• Records shown

• • • • • • •

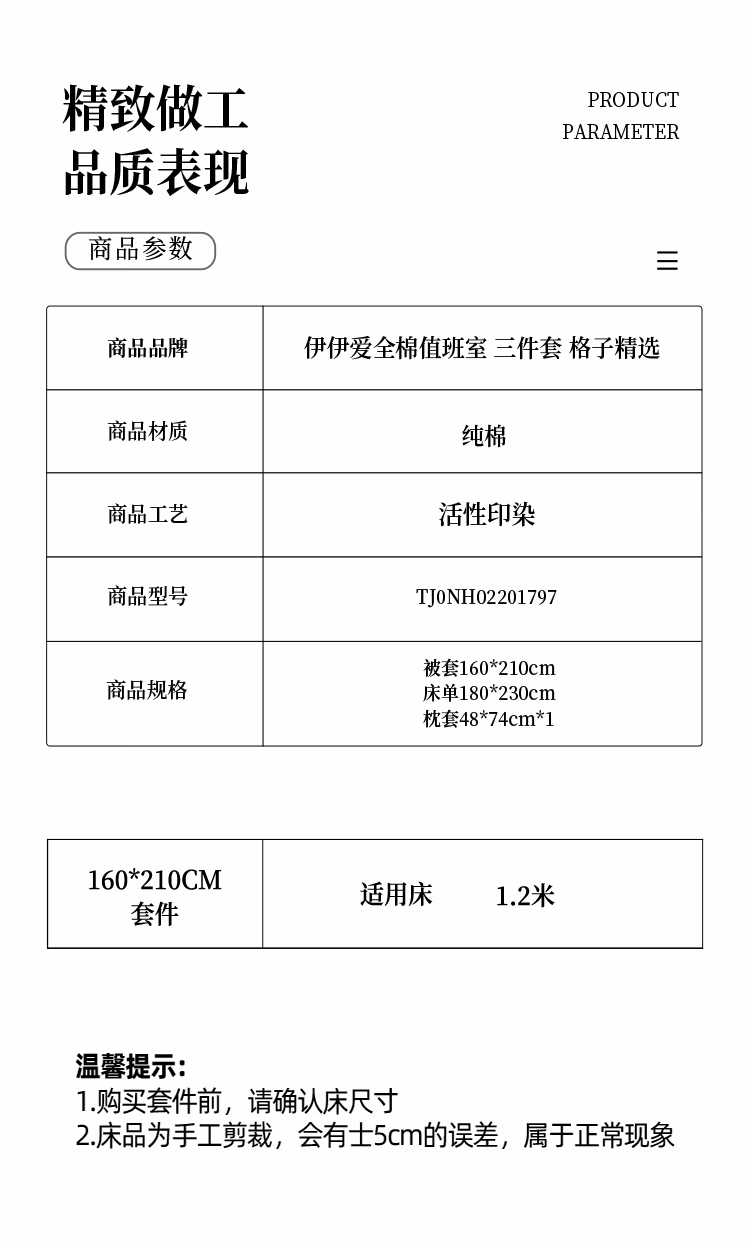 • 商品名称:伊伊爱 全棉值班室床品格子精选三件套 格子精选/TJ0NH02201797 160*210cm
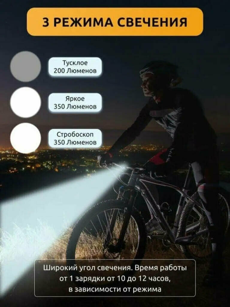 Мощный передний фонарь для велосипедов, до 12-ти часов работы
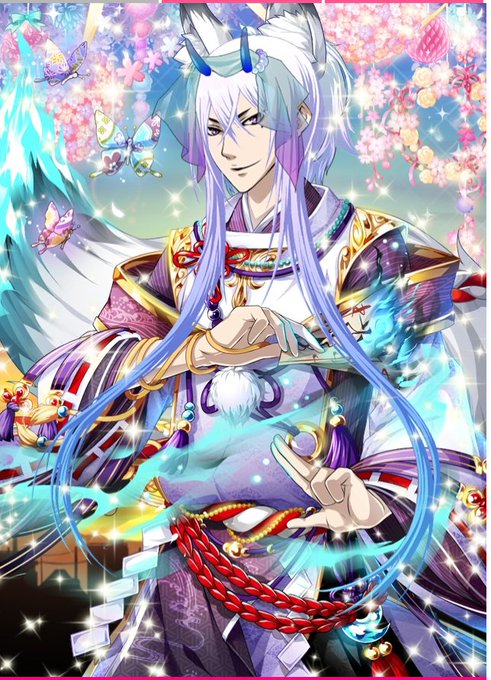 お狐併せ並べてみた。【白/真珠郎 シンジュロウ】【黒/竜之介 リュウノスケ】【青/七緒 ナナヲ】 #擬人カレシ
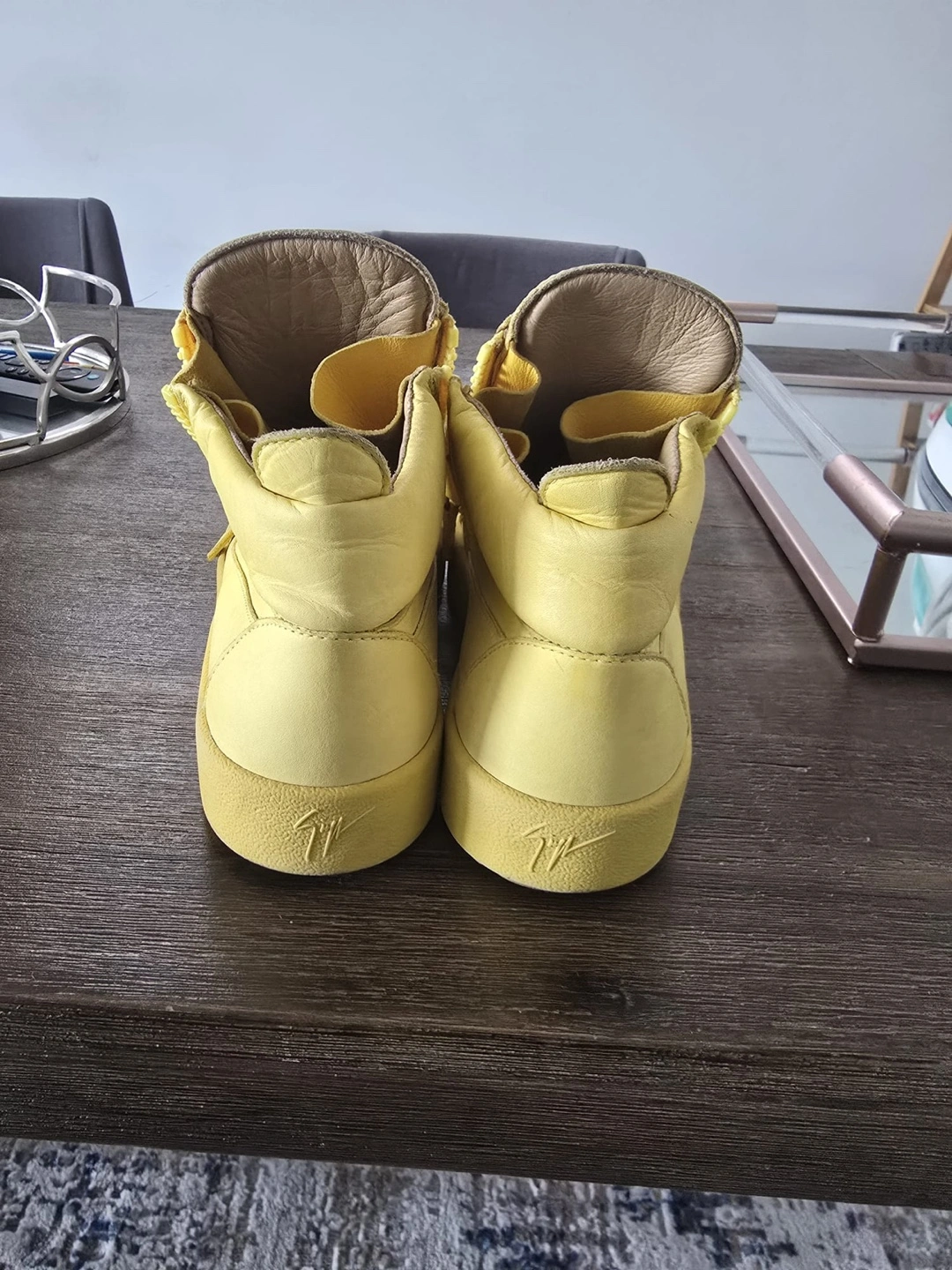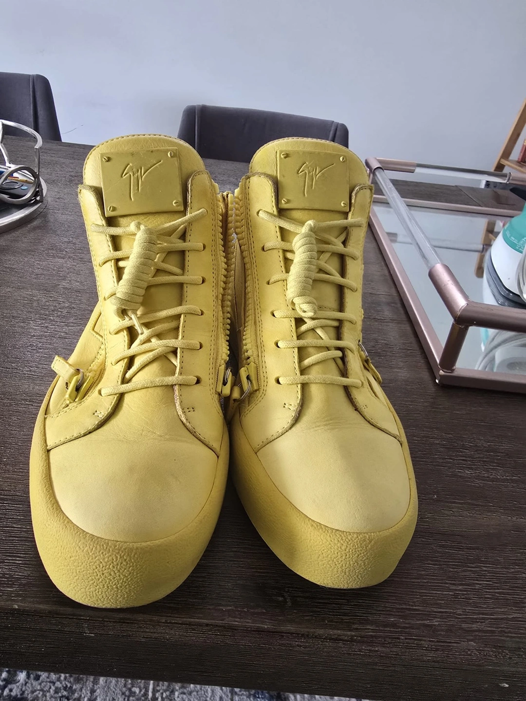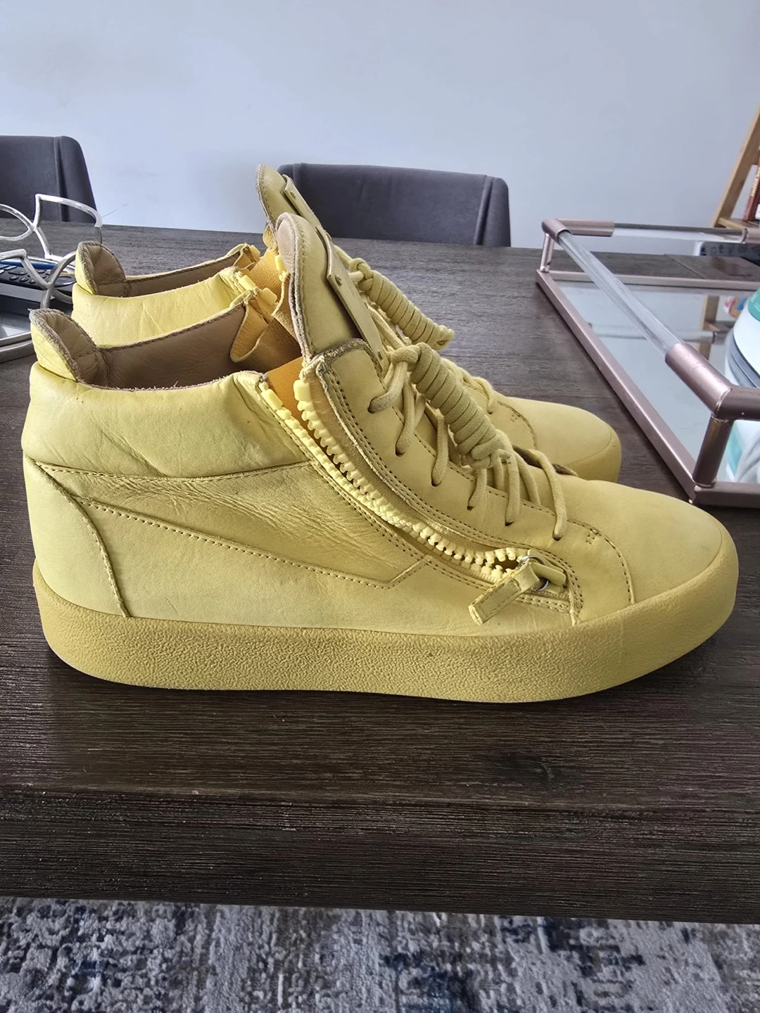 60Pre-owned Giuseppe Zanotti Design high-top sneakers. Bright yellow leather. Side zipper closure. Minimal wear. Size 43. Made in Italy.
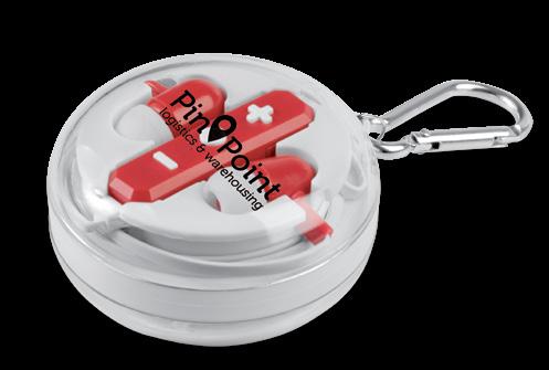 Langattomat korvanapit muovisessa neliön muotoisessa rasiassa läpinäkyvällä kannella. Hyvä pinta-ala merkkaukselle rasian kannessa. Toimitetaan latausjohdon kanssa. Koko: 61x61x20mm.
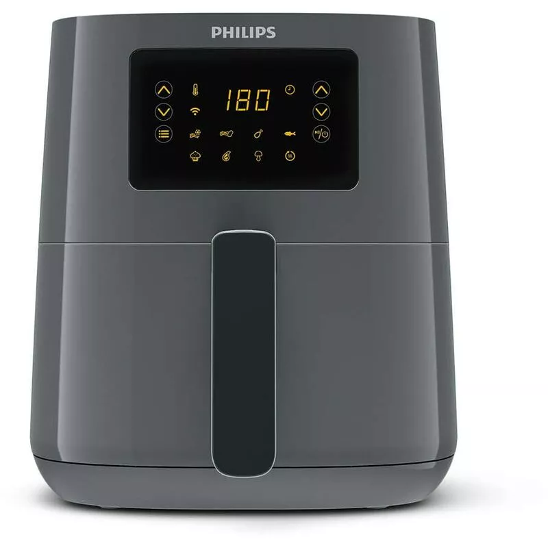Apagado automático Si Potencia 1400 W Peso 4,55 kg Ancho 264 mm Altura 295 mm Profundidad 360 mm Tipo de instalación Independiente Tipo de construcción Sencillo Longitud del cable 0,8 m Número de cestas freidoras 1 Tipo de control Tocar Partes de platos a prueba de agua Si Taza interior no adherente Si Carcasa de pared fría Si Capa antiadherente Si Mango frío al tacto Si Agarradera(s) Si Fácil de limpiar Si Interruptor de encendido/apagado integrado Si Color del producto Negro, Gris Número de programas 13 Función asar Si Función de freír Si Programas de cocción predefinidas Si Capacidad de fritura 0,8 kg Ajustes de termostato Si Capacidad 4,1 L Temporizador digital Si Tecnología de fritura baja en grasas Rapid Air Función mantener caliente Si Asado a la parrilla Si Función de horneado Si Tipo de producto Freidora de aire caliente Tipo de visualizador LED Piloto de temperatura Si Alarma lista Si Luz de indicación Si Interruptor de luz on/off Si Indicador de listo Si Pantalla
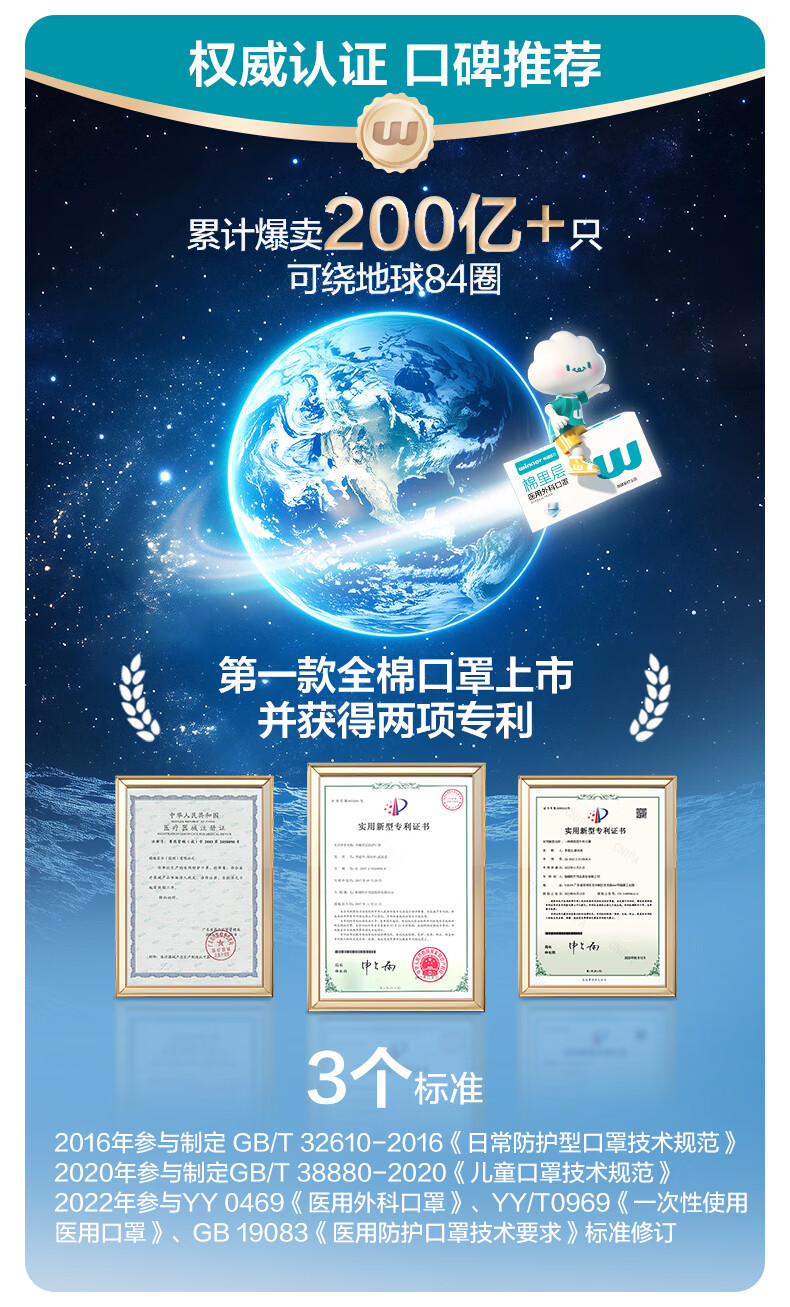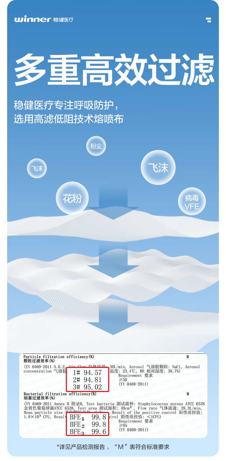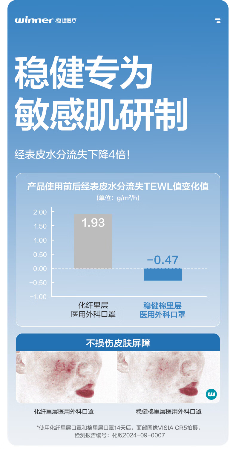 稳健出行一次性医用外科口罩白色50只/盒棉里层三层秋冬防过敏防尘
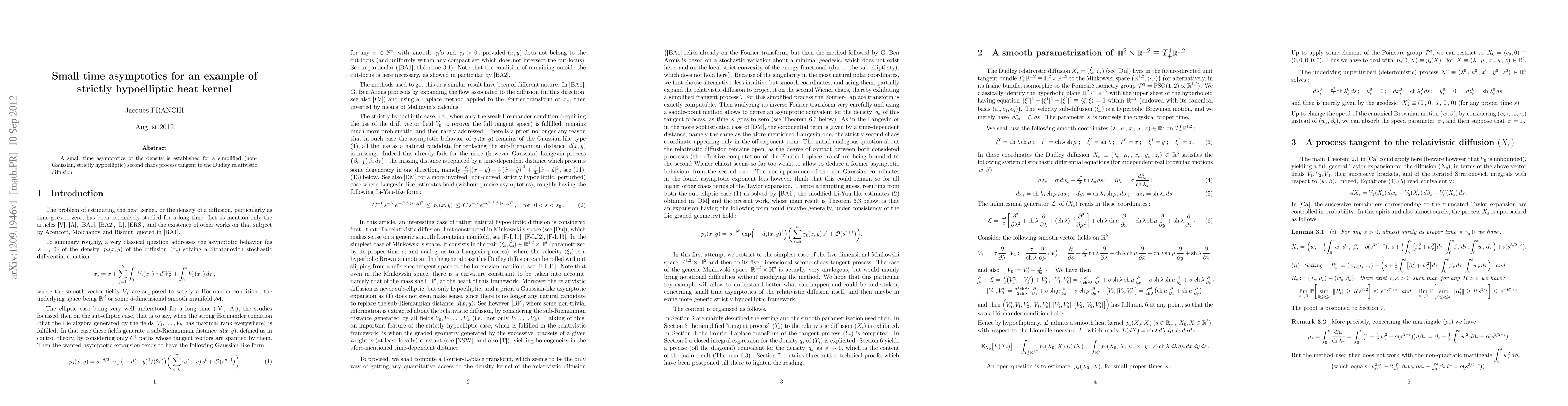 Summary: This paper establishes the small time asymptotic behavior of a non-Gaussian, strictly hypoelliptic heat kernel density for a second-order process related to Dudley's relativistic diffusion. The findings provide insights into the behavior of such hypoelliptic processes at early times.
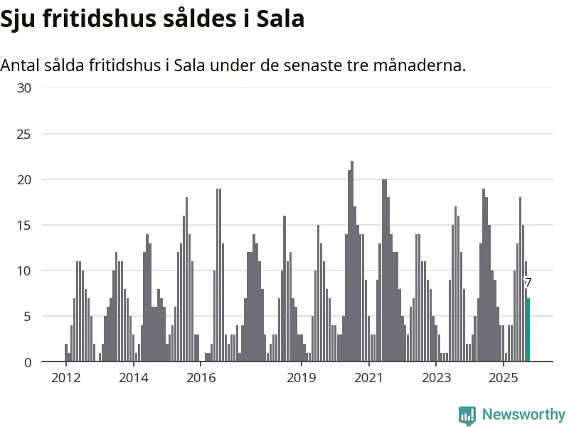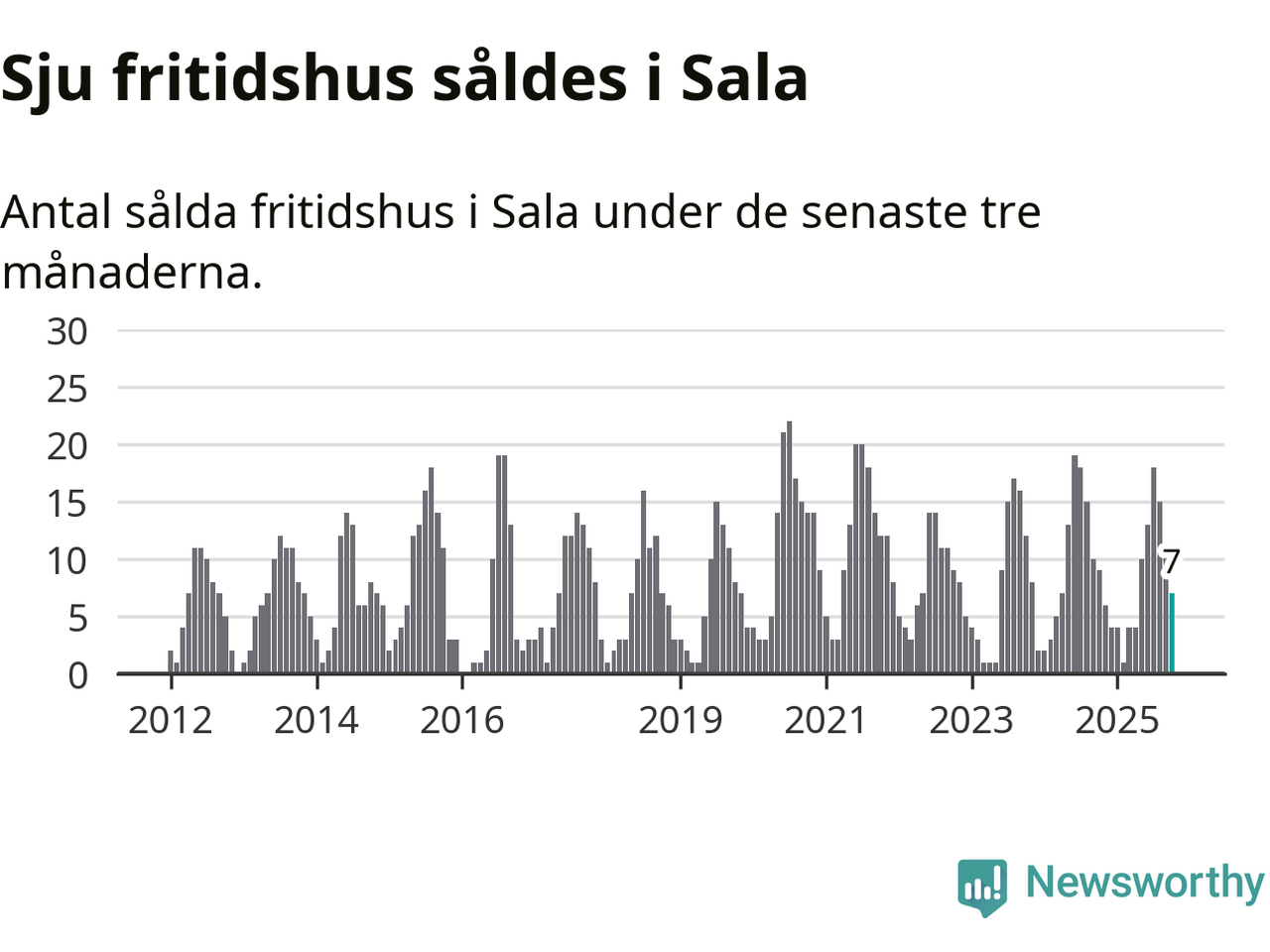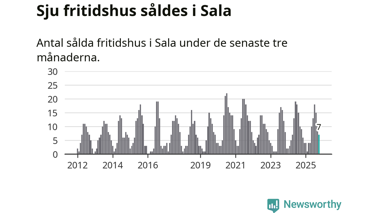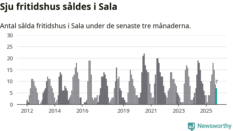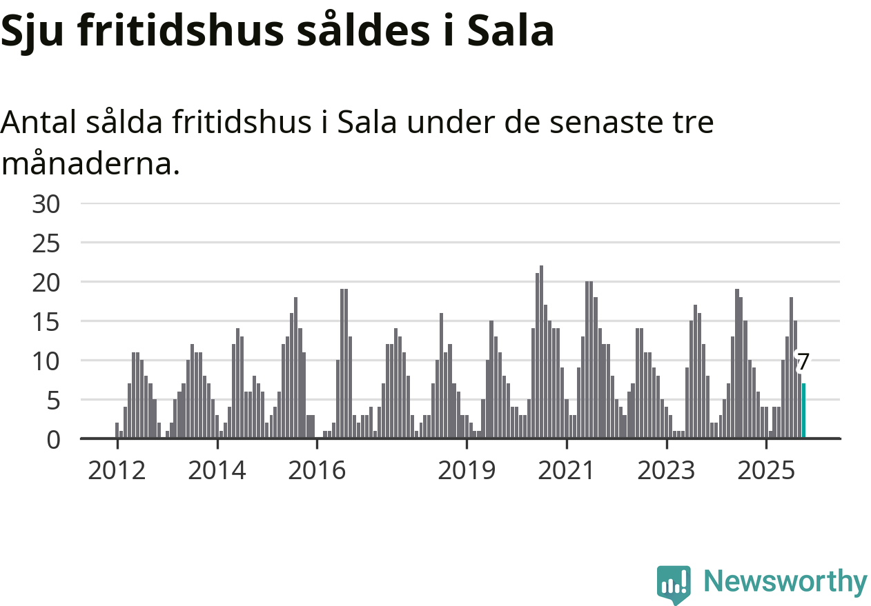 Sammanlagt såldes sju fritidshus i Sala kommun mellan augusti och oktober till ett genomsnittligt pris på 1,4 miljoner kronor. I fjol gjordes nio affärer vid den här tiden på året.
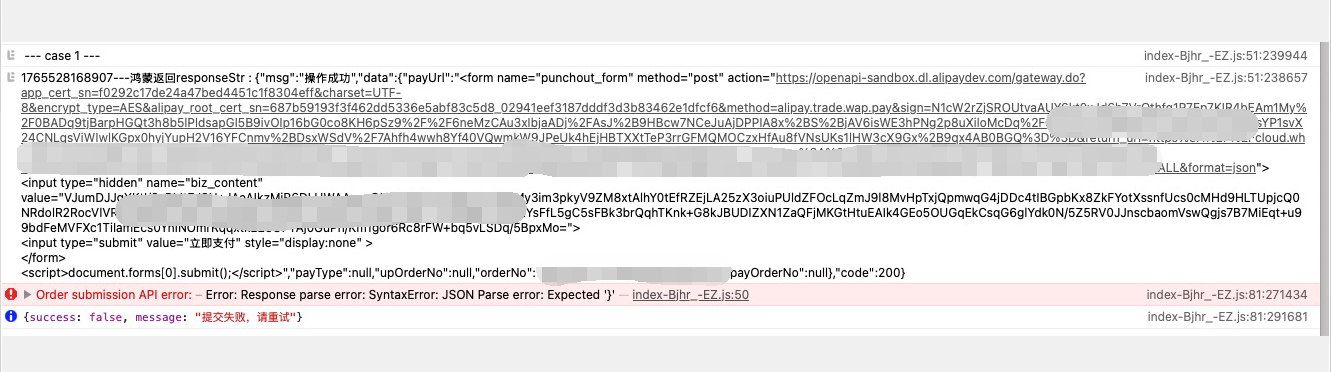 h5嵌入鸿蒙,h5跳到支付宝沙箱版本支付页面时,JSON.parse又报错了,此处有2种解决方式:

• • • • • • •

• Your assignment
Restate, word for word, the entries above, dropping any picture.

• Written response
 • 商品名称:伊伊爱 全棉值班室床品格子精选三件套 格子精选/TJ0NH02201797 160*210cm
 Мощный передний фонарь для велосипедов, до 12-ти часов работы
 お狐併せ並べてみた。【白/真珠郎 シンジュロウ】【黒/竜之介 リュウノスケ】【青/七緒 ナナヲ】 #擬人カレシ
 60Pre-owned Giuseppe Zanotti Design high-top sneakers. Bright yellow leather. Side zipper closure. Minimal wear. Size 43. Made in Italy.
 Langattomat korvanapit muovisessa neliön muotoisessa rasiassa läpinäkyvällä kannella. Hyvä pinta-ala merkkaukselle rasian kannessa. Toimitetaan latausjohdon kanssa. Koko: 61x61x20mm.
Apagado automático Si Potencia 1400 W Peso 4,55 kg Ancho 264 mm Altura 295 mm Profundidad 360 mm Tipo de instalación Independiente Tipo de construcción Sencillo Longitud del cable 0,8 m Número de cestas freidoras 1 Tipo de control Tocar Partes de platos a prueba de agua Si Taza interior no adherente Si Carcasa de pared fría Si Capa antiadherente Si Mango frío al tacto Si Agarradera(s) Si Fácil de limpiar Si Interruptor de encendido/apagado integrado Si Color del producto Negro, Gris Número de programas 13 Función asar Si Función de freír Si Programas de cocción predefinidas Si Capacidad de fritura 0,8 kg Ajustes de termostato Si Capacidad 4,1 L Temporizador digital Si Tecnología de fritura baja en grasas Rapid Air Función mantener caliente Si Asado a la parrilla Si Función de horneado Si Tipo de producto Freidora de aire caliente Tipo de visualizador LED Piloto de temperatura Si Alarma lista Si Luz de indicación Si Interruptor de luz on/off Si Indicador de listo Si Pantalla
 稳健出行一次性医用外科口罩白色50只/盒棉里层三层秋冬防过敏防尘
 Summary: This paper establishes the small time asymptotic behavior of a non-Gaussian, strictly hypoelliptic heat kernel density for a second-order process related to Dudley's relativistic diffusion. The findings provide insights into the behavior of such hypoelliptic processes at early times.
 Sammanlagt såldes sju fritidshus i Sala kommun mellan augusti och oktober till ett genomsnittligt pris på 1,4 miljoner kronor. I fjol gjordes nio affärer vid den här tiden på året.
 h5嵌入鸿蒙,h5跳到支付宝沙箱版本支付页面时,JSON.parse又报错了,此处有2种解决方式:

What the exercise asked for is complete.